Through video cameras strategically placed around the classroom, the software uses facial recognition technology to identify students as well as read and record their moods, according to Chinese newspaper Global Times. An algorithm detects the emotional fluctuations on each student’s face to record how happy or neutral they look. “When we correlate that kind of information to the way we teach, and we use a timeline, then you will know where you are actually attracting the students’ attention,” Wei told the Telegraph.

Wei has shared his technique with other professors in universities across China and he sees it having a wide range of applications in the sciences and psychological work, as well as education reform. Theoretically, professors could revamp their teaching methods if they can figure out which aspects of their classes bore students and which keep them engaged.

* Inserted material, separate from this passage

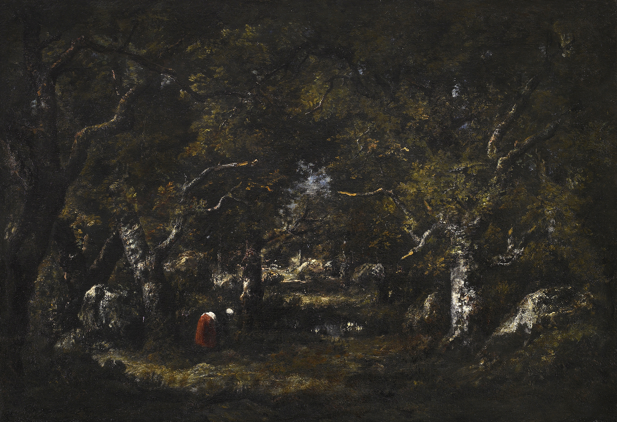 Though figure painting would always remain important for Diaz, it is his landscapes of the 1850s, 60s, and 70s, particularly those of Fontainebleau Forest, for which the artist is most remembered. Diaz met Theodore Rousseau in 1837 and showed his first Fontainebleau landscape at the Salon of that year. He began to exhibit pure landscapes without figures only after 1848, and the success of these forest interior scenes, including one which won him a first class medal at the Salon of 1848, allowed him to discontinue exhibiting publicly at the Salon after 1859. Recognized as a superb colorist in his own day, his forest interiors are richly painted with warm browns, oranges, golds and silvery tree trunks and branches. Though the artist often applied paint loosely with a broad palette knife, his acute observation of nature and natural effects was nevertheless keen. He was officially decorated even after leaving the official exhibition system when he received the Legion d’honneur in 1881. Diaz’s financial success enabled him to lend a helping hand to his friends when in need, including Troyon, Rousseau, and Millet.

The concept of Big Brother-esque classrooms isn’t new. Engineers at SensorStar Labs in Queens, New York, started developing a method to study individual student’s faces in a classroom and use an algorithm to analyze their expressions, Co.Exist reported. (The research was ongoing in 2013 and SensorStar didn’t respond to a request for comment regarding the current state of its work.) SensorStar co-founder Sean Montgomery argued that the idea shouldn’t bother people: “It’s just what the teacher can already see with their eyes and what the teacher can already hear with their ears.” But that isn’t enough to suppress data privacy concerns—administrators or law enforcement could someday use the recordings “for purposes other than low-stakes feedback,” Co.Exist wrote.

In Wei’s case, it’s not clear whether the students are aware that their expressions are being recorded. Nor is there any word on students getting penalized for being inattentive.

Then again, science says zoning out isn’t always bad: some boredom is food for the creative mind.